Starting at the line with "英国天空新闻频道网站的报道则", retype every remaining line of the records exactly. Do not include pictures.
------------
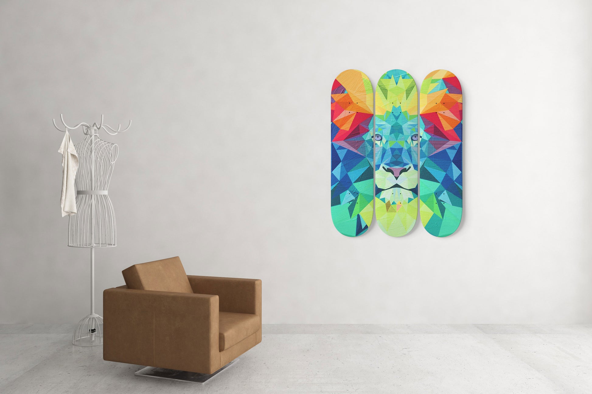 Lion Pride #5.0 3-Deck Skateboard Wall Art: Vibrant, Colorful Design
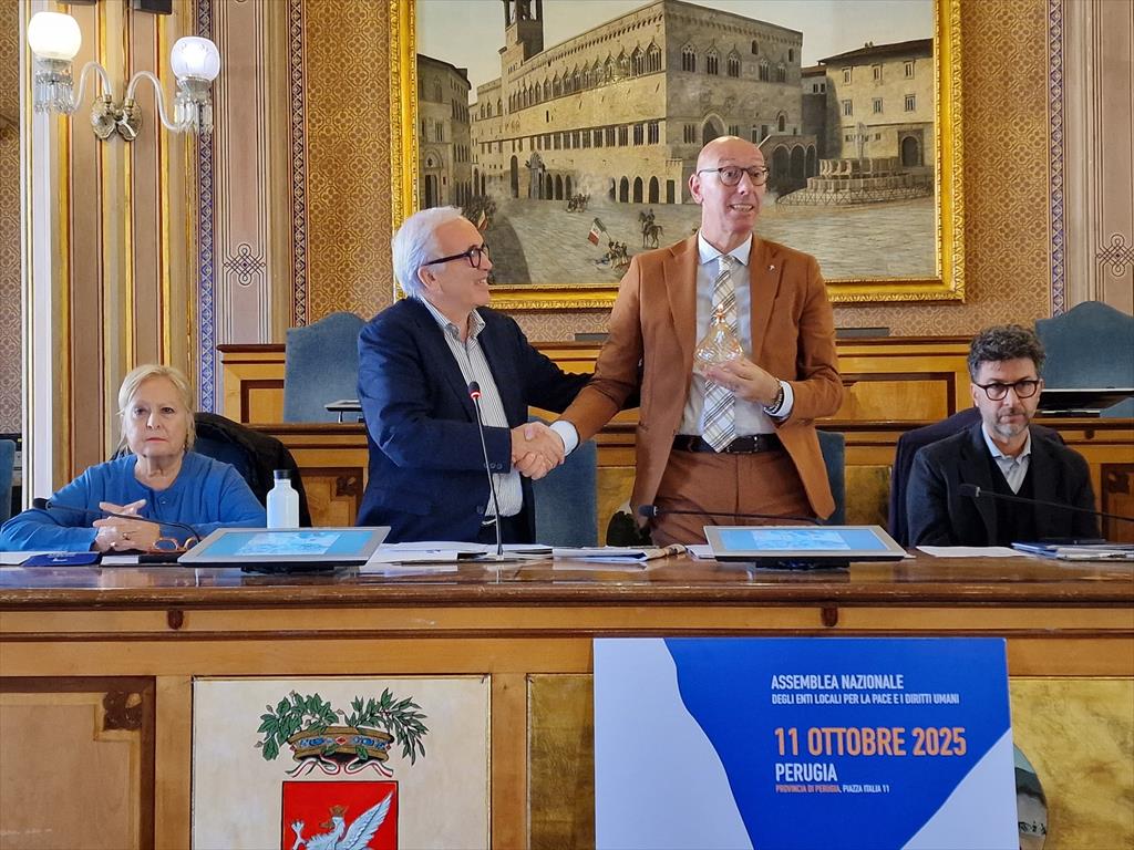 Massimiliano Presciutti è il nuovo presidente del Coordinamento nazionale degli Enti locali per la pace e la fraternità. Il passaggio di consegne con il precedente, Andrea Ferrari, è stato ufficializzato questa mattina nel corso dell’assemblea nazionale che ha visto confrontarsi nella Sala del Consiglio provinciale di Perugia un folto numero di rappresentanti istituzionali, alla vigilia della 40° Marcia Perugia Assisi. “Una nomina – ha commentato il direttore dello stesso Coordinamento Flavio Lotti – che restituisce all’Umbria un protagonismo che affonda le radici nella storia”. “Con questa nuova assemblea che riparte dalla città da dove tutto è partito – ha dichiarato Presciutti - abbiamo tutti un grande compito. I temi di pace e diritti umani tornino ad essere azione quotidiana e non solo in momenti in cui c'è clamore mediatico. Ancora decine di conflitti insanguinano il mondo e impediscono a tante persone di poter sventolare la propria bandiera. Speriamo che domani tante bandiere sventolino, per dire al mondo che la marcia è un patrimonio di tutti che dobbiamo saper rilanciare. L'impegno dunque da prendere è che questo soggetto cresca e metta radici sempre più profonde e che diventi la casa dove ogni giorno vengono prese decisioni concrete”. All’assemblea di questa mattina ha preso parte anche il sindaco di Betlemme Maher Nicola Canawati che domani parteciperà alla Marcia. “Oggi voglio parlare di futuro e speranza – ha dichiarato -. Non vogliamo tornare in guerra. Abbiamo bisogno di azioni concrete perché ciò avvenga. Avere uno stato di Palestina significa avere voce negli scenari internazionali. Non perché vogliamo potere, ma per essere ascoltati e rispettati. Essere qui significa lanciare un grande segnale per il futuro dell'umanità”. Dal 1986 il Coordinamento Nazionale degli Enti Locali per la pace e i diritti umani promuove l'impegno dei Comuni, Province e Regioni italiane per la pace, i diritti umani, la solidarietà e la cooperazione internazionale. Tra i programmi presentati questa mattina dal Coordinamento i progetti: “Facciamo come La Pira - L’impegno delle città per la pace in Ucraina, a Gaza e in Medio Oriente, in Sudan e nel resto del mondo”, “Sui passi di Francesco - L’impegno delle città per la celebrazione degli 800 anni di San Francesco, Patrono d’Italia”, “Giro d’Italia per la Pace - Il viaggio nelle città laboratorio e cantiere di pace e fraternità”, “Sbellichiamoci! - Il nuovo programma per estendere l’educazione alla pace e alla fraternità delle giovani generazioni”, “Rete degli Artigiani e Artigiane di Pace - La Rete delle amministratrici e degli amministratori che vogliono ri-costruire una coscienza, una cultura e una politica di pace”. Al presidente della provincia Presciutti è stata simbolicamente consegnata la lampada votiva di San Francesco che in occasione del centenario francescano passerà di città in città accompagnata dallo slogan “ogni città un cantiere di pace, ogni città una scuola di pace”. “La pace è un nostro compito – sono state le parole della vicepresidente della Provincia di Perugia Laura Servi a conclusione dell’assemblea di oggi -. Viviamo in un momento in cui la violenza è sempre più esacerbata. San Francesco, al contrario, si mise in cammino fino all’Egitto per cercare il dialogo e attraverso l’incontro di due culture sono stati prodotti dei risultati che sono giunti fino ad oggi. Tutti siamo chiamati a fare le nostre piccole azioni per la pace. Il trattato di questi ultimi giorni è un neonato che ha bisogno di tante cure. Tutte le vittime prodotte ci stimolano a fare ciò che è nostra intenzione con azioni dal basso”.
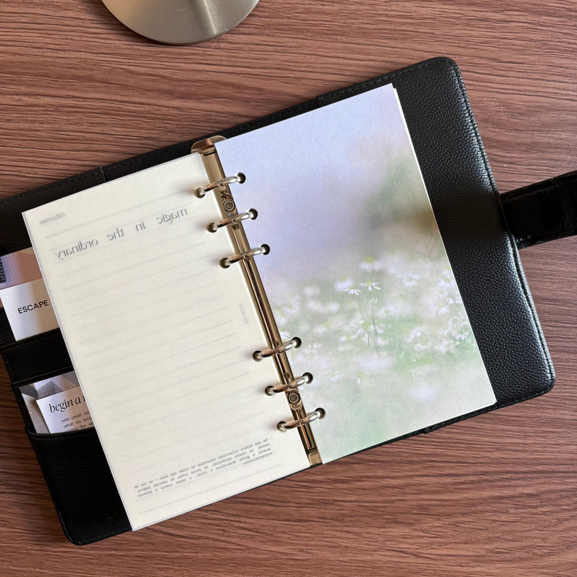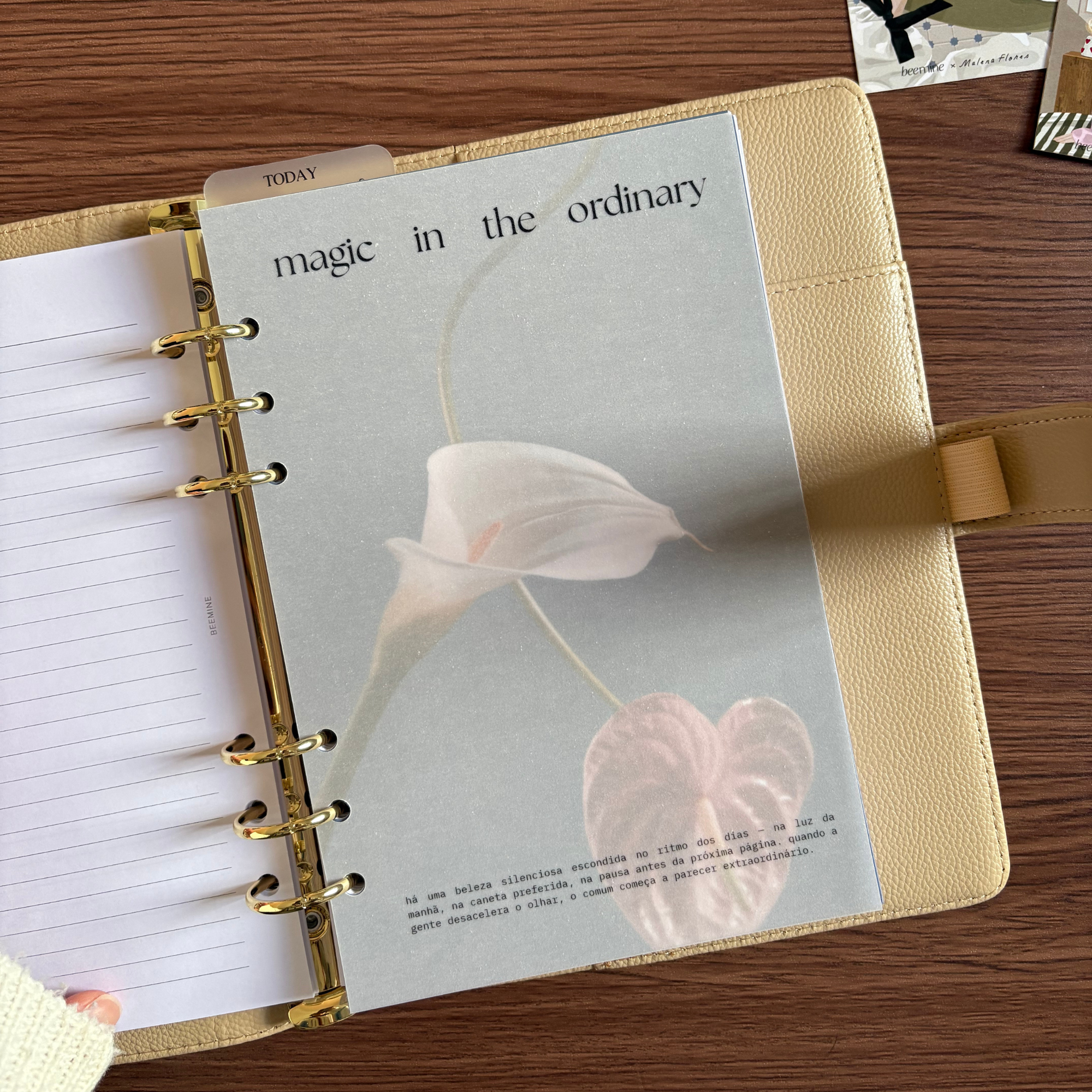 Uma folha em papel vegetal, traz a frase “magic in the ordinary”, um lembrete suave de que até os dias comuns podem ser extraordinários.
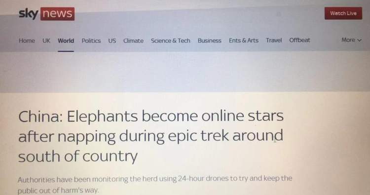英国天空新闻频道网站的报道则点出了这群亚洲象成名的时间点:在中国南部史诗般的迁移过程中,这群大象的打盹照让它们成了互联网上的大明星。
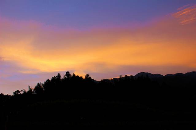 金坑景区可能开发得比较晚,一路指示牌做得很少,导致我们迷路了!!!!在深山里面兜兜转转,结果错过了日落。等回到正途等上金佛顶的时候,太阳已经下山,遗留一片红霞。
------------
● **OUTPUT BELOW**:
英国天空新闻频道网站的报道则点出了这群亚洲象成名的时间点:在中国南部史诗般的迁移过程中,这群大象的打盹照让它们成了互联网上的大明星。
 金坑景区可能开发得比较晚,一路指示牌做得很少,导致我们迷路了!!!!在深山里面兜兜转转,结果错过了日落。等回到正途等上金佛顶的时候,太阳已经下山,遗留一片红霞。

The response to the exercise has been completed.